Thursday, August 13, 2009

Elusive Headpin - Part 1


It’s too late to say I’m sorry … at least for Joe’s sake. Looking at him lying there all dressed up in his “Sunday best”, it’s hard to imagine the effects of the years that had passed since last I saw him.

He was our steadiest bowler in Junior league. The “clean up” man on our five man shift. He fared quite well in that fashion…saved our butts on more than one occasion. I was very surprised to learn at the end of our first (and most successful year) that he had already enlisted in the Army. He left so fast, we never really had a chance to give him a formal “send off” when he left.

I had heard that he made the military his “career choice”, there were decades between instances where word of his life’s exploits would reach my ears.

We were so young then. Randy was the “ring leader” who pulled us all together… Captain Randy. I recall the day that he first approached me about joining the league. “Come on Jim, it’ll be fun. It’s a handicap league so, it really doesn’t matter much how good you are initially. “

I had bowled since I was a kid…with my dad mostly. We would go out on Sundays to the local bowling alleys. There were three in the area of our very rural home in upstate New York. The one we most often frequented was one in a town that had the obscure name of “Mabbetsville”. The bowling lanes themselves were a “family business”. The patriarch of the family ran the desk, the two sons cared for the lanes while Mom and her only daughter manned the “snack bar”.
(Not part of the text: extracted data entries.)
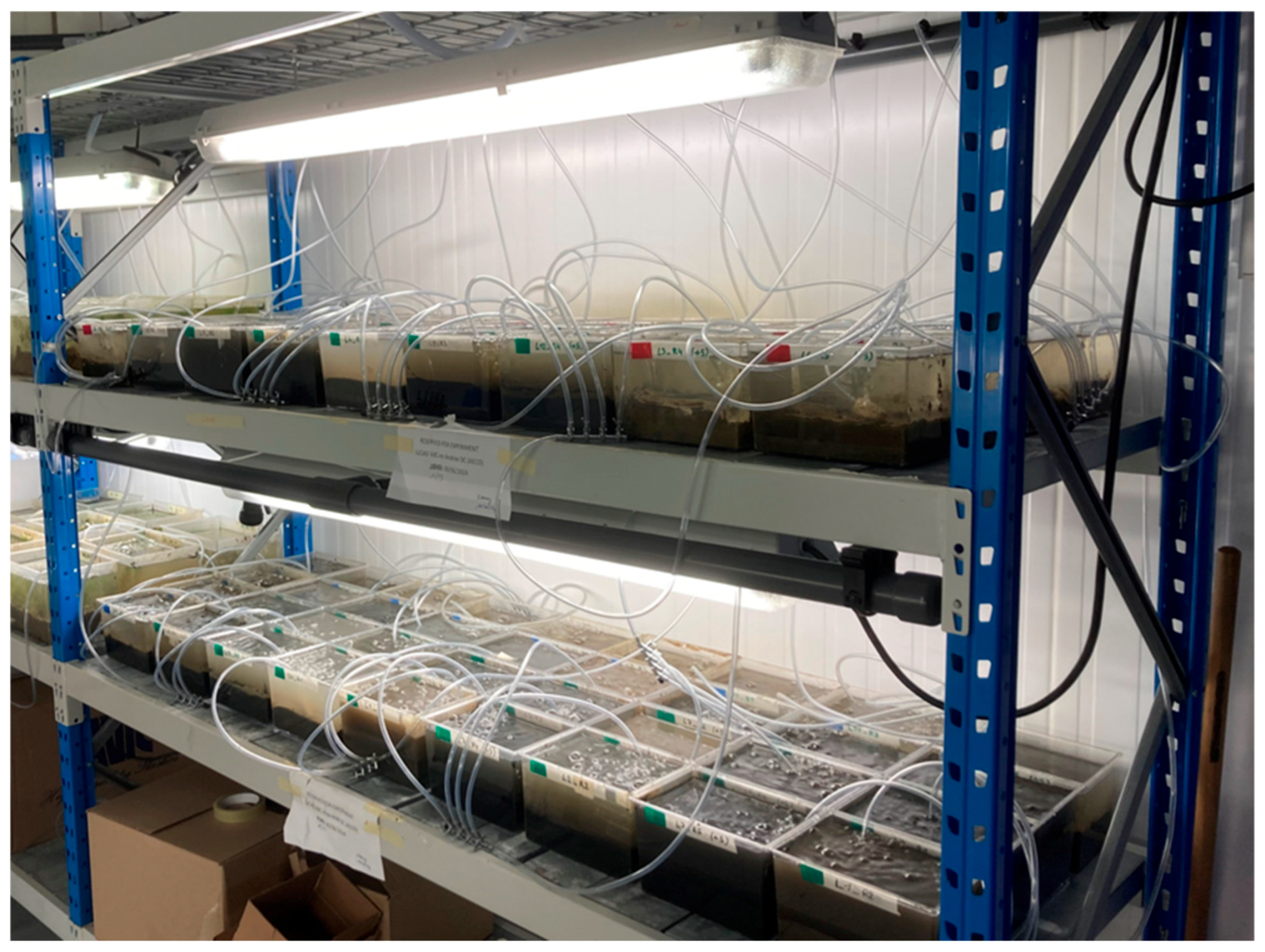 The interval between field sampling and completing the experimental set-up did not exceed 48 h. During this period, the sediment was kept moist and was stored in a cold room (5 ± 1 °C) overnight. Figure 2 illustrates the set-up for one of the 72 aquaria in the experiment. An image of the complete set-up is provided in Figure 3.
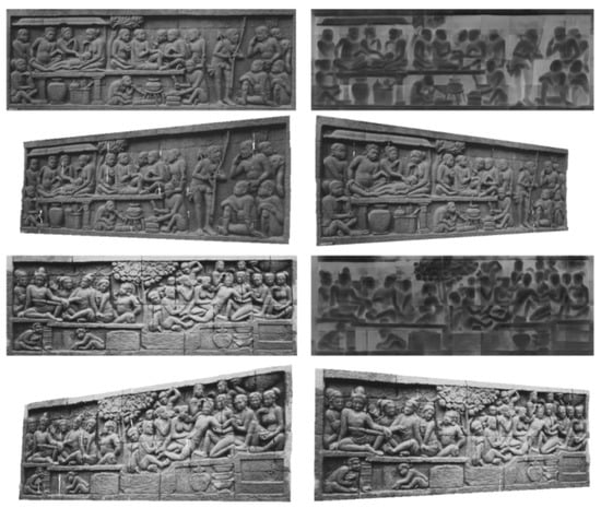 The Buddhist reliefs carved on the walls of the six square platforms of the Borobudur temple are the largest collection in the world. They are sculptural reliefs in which forms extend only slightly from the background. These reliefs can be divided into five sections, each of which describes a different Buddhism story. Unfortunately, one section named “Karmawibhangga” was buried behind the stone walls after the reinstallment of the foot encasement due to safety concerns. This section has 160 relief panels, and only four panels at the southeast corner are visible to visitors. For each hidden panel, there remains one grayscale photo taken directly in front of the reliefs in 1890. Figure 9 shows an example of the old photo (left top), the stone wall covering the hidden reliefs (left bottom), and the southeast corner with the remaining four “Karmawibhangga” reliefs (right).
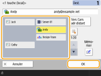 Liste déroulante des listes d'adressesVous permet d'afficher un groupe spécifique de destinataires. Quand vous êtes connecté à l'appareil avec la gestion de l'authentification personnelle, vous pouvez sélectionner <Liste d'adr. perso.> pour afficher votre carnet d'adresses personnel.
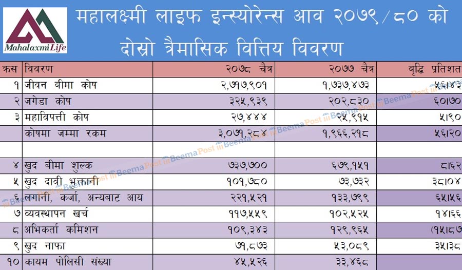 महालक्ष्मी लाइफको जीवन बीमा कोष ५६% ले बढ्यो, ७३ करोड रुपैयाँमाथि बीमा शुल्क आर्जन
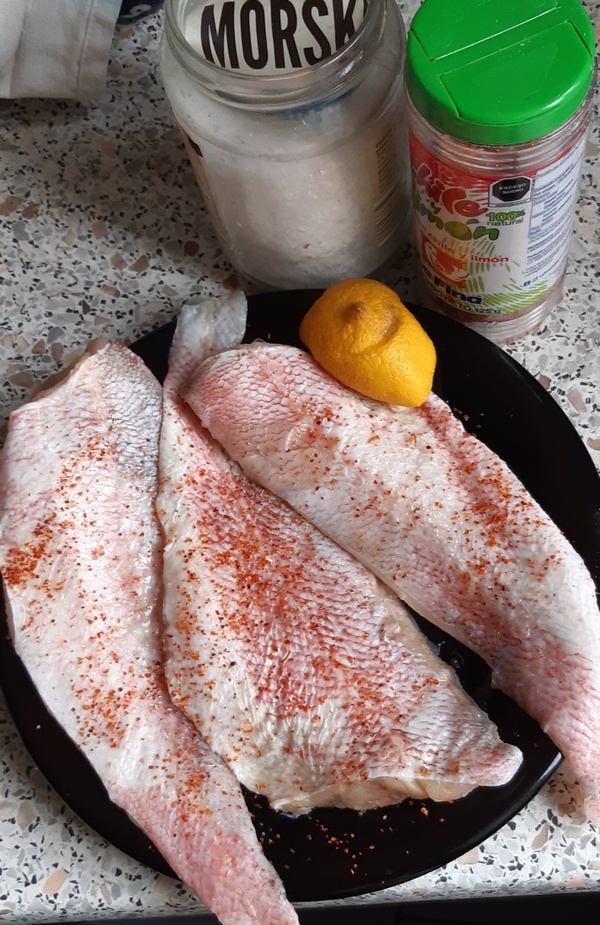 Zdjąć z patelni. Dolać nieco oleju, rozgrzać. Filety ryby oczyścić z ości itp., skropić sokiem z cytryny, posolić.
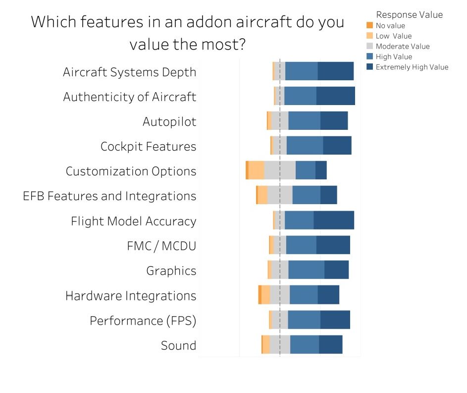 有趣的數據顯示,用戶在附加飛機中欣賞的是,最高的系統深度,真實性和飛行模型精度。
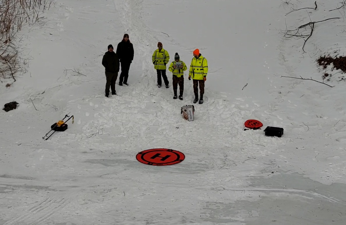 New Jersey Unmanned Aerial Systems (UAS) Team along with two observers bringing their drone back to shore after filming the USGS scientists out on the river making a measurement of flow below the ice at USGS 01438500 Delaware River at Montague, New Jersey
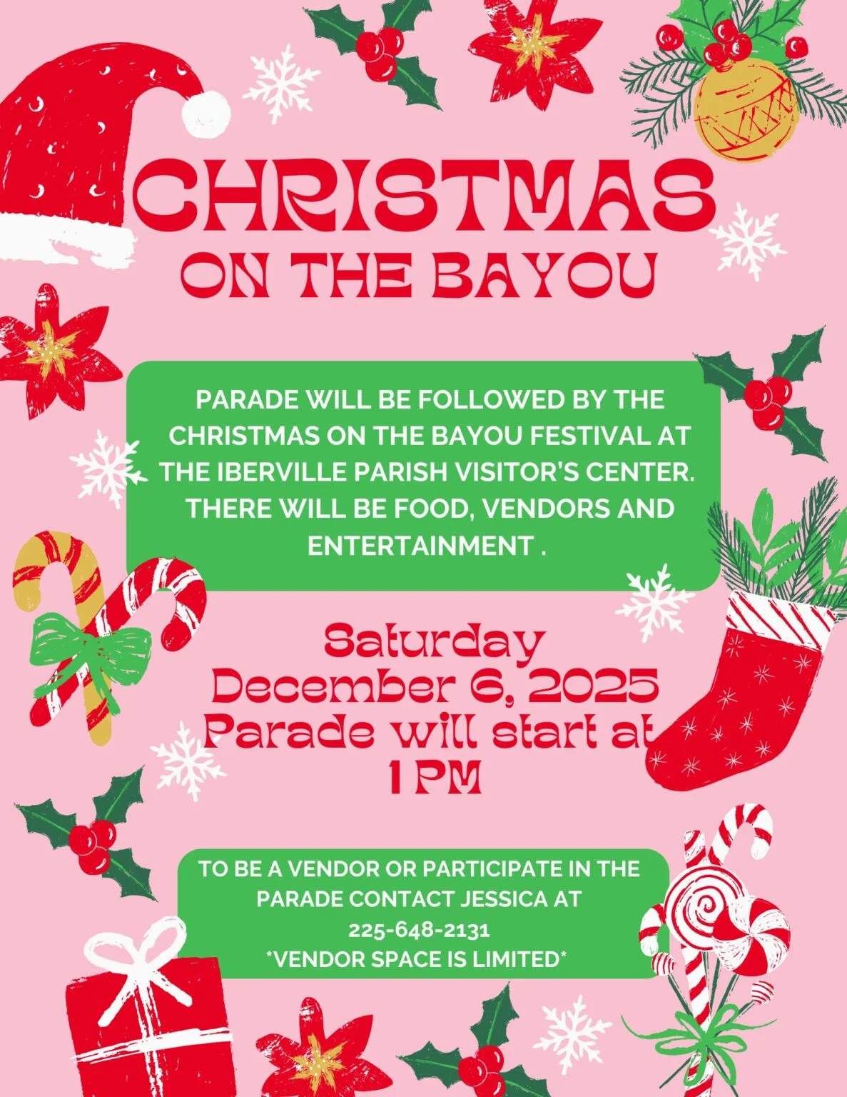 The Village of Grosse Tete’s annual Christmas Parade will roll at 1:00 PM on Saturday, December 6th, followed by its Christmas on the Bayou Festival at the North Iberville Visitors Center. Food, vendors, entertainment, and Christmas cheer are sure to make it a fun-filled event! This event is free to attend and open to all ages.
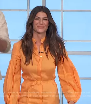 on The Talk on CBS was spotted wearing this orange belted shirtdress on The Talk on Apr 25 2023's episode. 's Dress is the Lydia Dress by Gabriela Hearst.
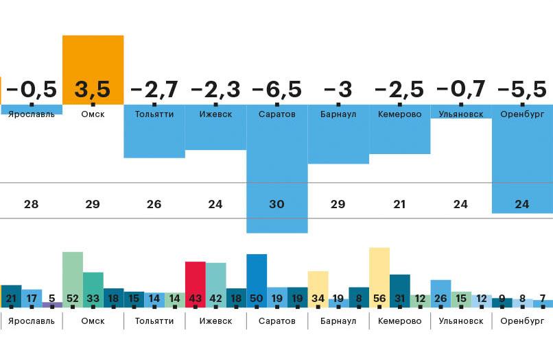 По итогам мониторинга второго квартала в 15 городах из 26, попавших в нашу выборку, цены в среднем по всем категориям снизились. Самым гуманным для потребителей с точки зрения цен оказался Саратов: стоимость корзины в среднем по всем наименованиям товаров и услуг упала на 6,5%.
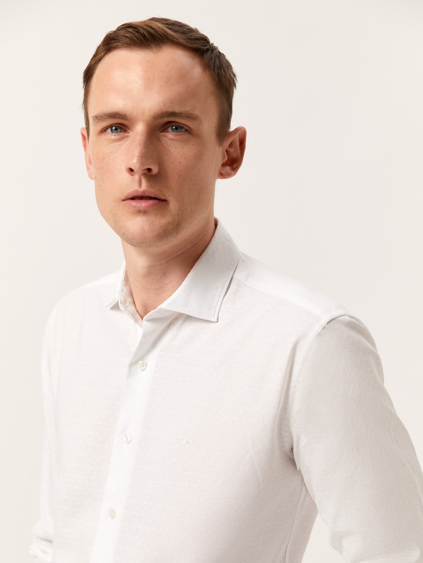 Slim Fit Pattern Jacquard Cotton Linen Shirt with Open Collar
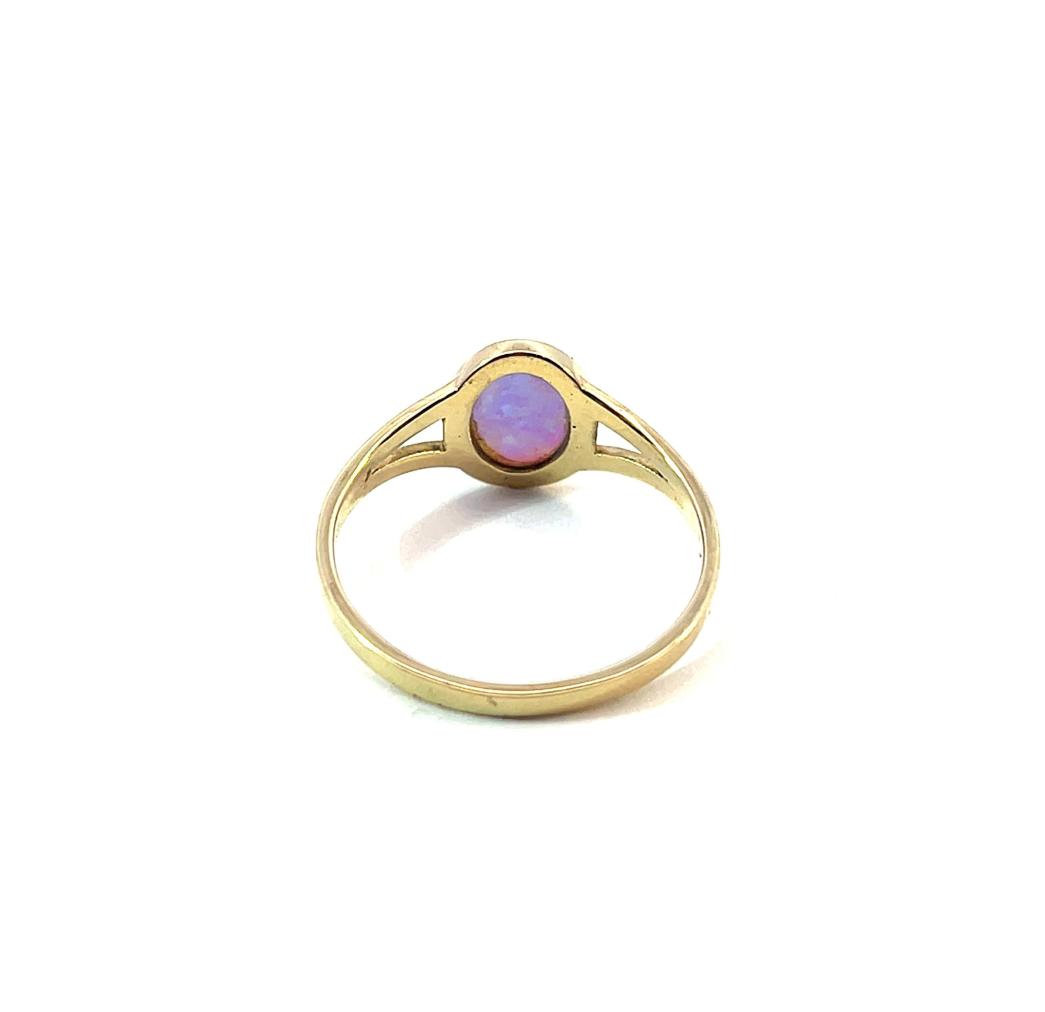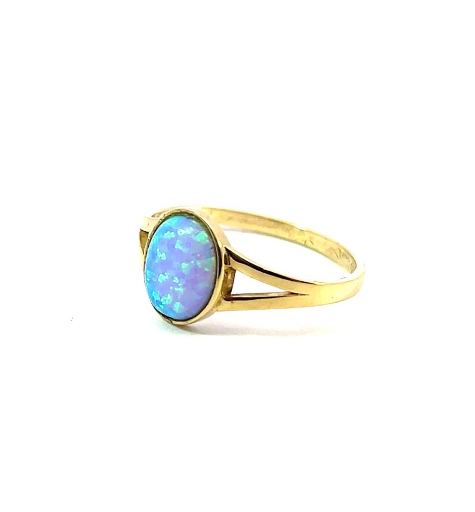 Zlatý prsten o ryzosti 585/1000, punc labuť. Velikost 58, váha 2,02 g, v nejširším bodě 10 mm. Kámen je syntetický.

During our Junior League days, each one of us had tried to woo Lisa, the daughter behind the snack bar. She was a petite brunette (some said “cute” although she never liked that term) that was generally pleasant if her Mom wasn’t “hovering” over the counter and giving her instructions. Our bowling shift in that first year was an early Saturday morning time slot and “Mom” didn’t make too many appearances then. She apparently was a “late riser” on weekends.

We had a lot of success in that first year, we took first place in our Saturday morning league, played in two different tournaments and placed in both. In the tournaments it was decided that we would play in the doubles sections as well. This posed a minor problem as we were a five person team so, obviously there was an “odd man out” in this situation. I didn’t think much about it then but, it was Joe who quite readily volunteered to not play in the doubles sections allowing the rest of us that opportunity.